══ GIVEN INFORMATION

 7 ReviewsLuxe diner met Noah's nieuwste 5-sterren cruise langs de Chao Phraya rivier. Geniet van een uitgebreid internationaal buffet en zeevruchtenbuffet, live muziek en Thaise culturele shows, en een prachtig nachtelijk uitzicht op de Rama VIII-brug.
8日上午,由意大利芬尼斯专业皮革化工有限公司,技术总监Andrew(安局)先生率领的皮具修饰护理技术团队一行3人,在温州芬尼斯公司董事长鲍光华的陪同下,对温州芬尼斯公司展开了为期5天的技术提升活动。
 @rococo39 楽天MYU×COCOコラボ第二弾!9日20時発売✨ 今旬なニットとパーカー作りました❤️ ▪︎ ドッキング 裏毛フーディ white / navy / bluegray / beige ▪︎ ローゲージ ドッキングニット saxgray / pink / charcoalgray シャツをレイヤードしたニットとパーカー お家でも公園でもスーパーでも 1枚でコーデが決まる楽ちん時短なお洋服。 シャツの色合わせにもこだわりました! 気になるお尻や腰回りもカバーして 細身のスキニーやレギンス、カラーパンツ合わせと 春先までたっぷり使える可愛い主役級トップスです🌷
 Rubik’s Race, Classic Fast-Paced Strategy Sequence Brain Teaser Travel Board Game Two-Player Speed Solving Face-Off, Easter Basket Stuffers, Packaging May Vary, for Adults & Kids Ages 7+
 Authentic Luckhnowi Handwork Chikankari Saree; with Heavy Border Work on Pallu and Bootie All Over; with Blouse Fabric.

════
══ GIVEN INFORMATION

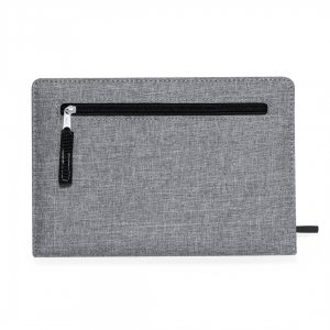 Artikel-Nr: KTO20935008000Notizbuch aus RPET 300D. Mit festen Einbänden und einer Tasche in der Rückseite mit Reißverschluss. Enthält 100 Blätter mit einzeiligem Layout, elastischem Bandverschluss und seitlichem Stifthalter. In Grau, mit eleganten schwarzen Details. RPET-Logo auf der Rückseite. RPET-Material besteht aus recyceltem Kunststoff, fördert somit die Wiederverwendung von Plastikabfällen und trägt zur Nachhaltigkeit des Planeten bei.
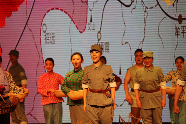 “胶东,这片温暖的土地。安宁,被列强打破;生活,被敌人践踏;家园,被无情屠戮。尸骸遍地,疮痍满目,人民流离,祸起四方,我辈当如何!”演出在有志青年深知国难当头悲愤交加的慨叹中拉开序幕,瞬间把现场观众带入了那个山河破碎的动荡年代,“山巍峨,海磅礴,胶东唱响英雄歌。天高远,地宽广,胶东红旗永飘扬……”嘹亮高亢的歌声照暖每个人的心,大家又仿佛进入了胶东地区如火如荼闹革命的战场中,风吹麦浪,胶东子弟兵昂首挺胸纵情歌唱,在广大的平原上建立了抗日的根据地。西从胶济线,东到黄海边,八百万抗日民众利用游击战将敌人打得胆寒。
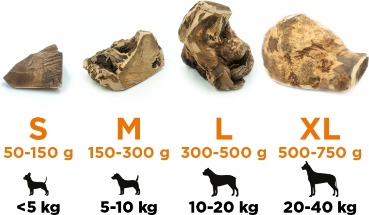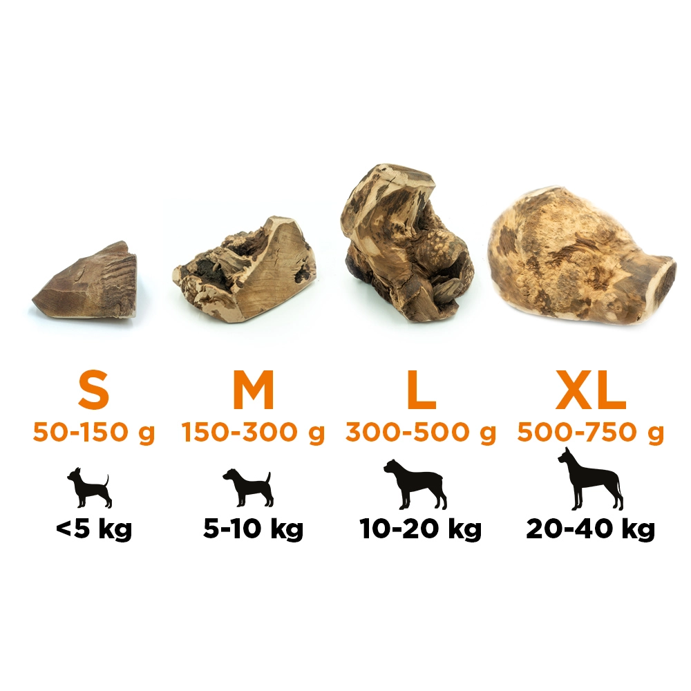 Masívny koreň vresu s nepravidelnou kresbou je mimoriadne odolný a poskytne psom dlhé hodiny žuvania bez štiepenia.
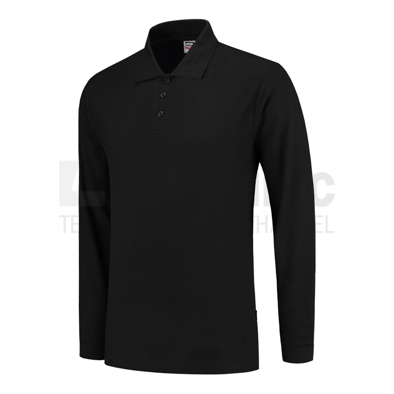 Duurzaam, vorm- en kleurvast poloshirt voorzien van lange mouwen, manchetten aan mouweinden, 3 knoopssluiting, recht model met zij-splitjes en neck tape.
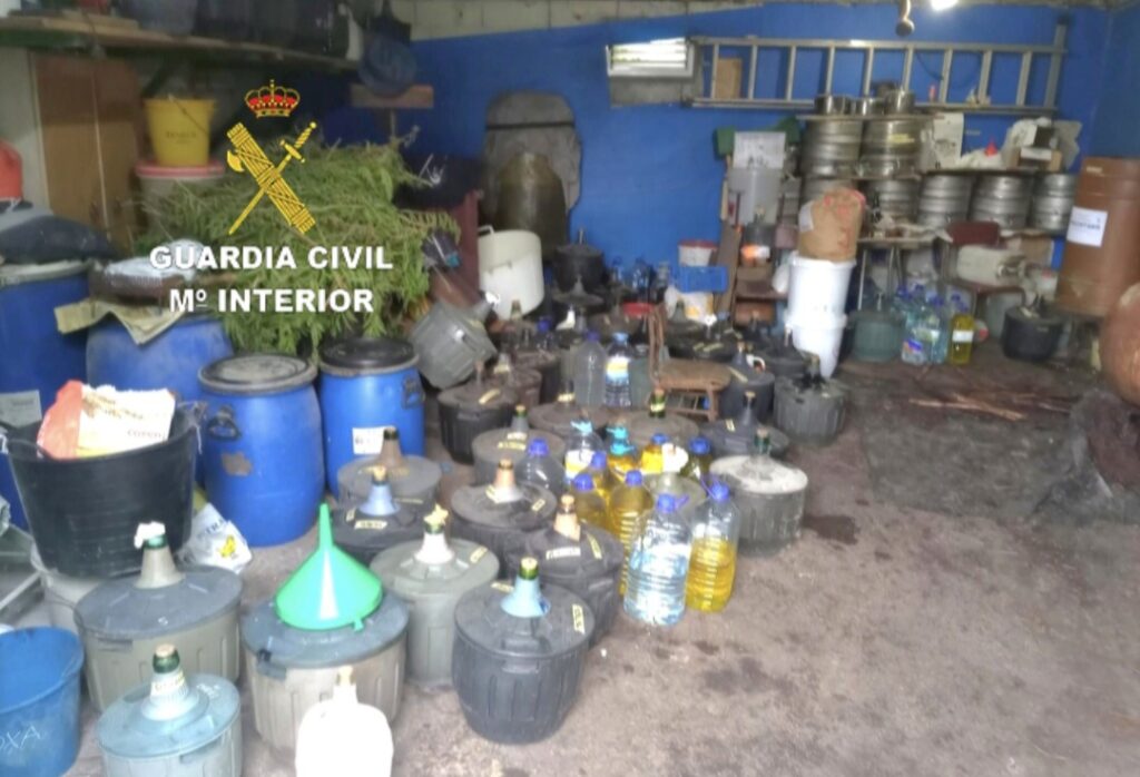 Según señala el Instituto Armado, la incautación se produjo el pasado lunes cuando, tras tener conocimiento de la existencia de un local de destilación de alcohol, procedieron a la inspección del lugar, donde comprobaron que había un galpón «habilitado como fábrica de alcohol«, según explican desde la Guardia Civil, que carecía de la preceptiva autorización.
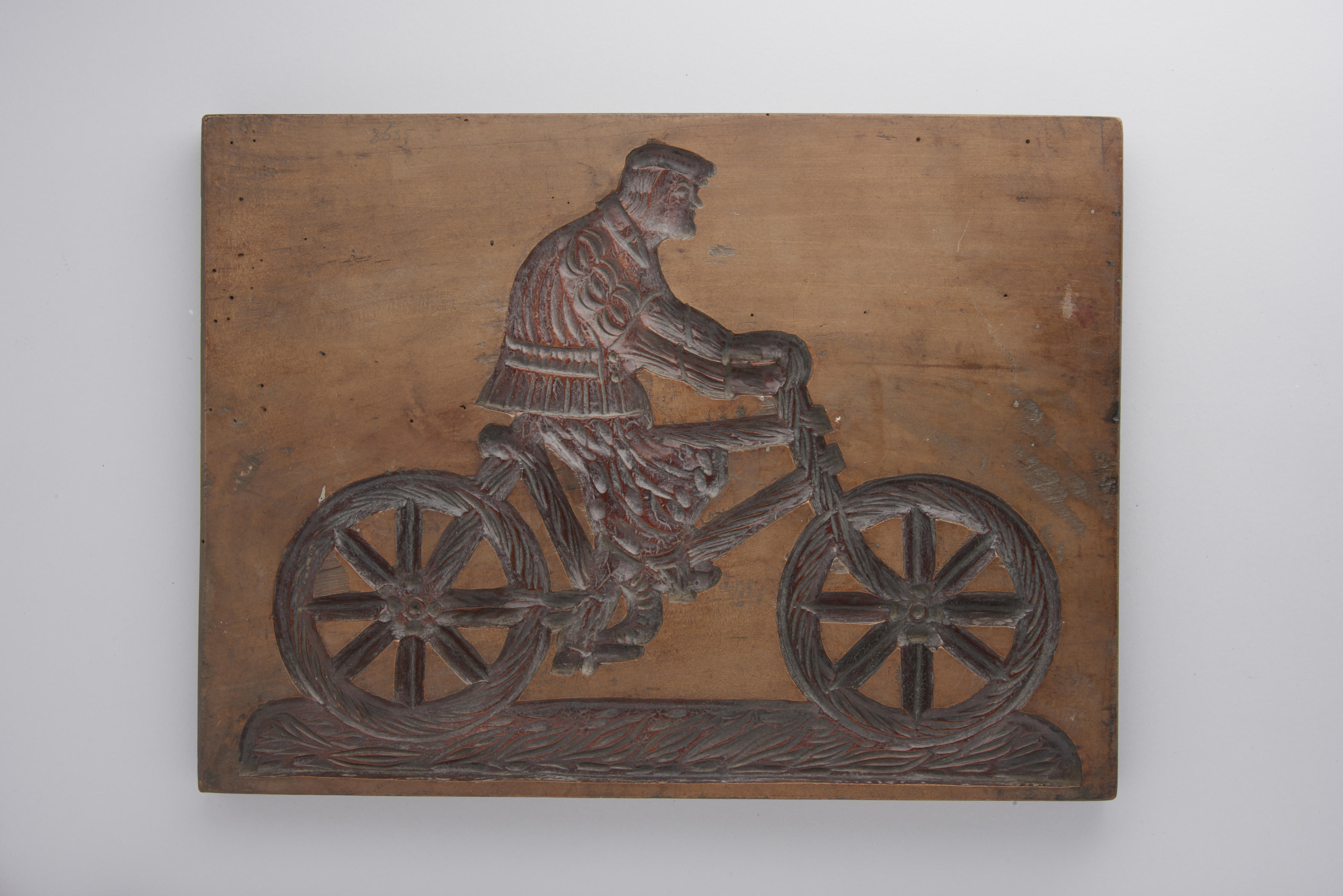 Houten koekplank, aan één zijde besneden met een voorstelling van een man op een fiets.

════

TASK TO CARRY OUT: All that is wanted is the lines above between the one containing "Masívny koreň vresu" and the one containing "Duurzaam, vorm- en", inclusive, restated word for word, with pictures omitted.

ANSWER SECTION:
 Masívny koreň vresu s nepravidelnou kresbou je mimoriadne odolný a poskytne psom dlhé hodiny žuvania bez štiepenia.
 Duurzaam, vorm- en kleurvast poloshirt voorzien van lange mouwen, manchetten aan mouweinden, 3 knoopssluiting, recht model met zij-splitjes en neck tape.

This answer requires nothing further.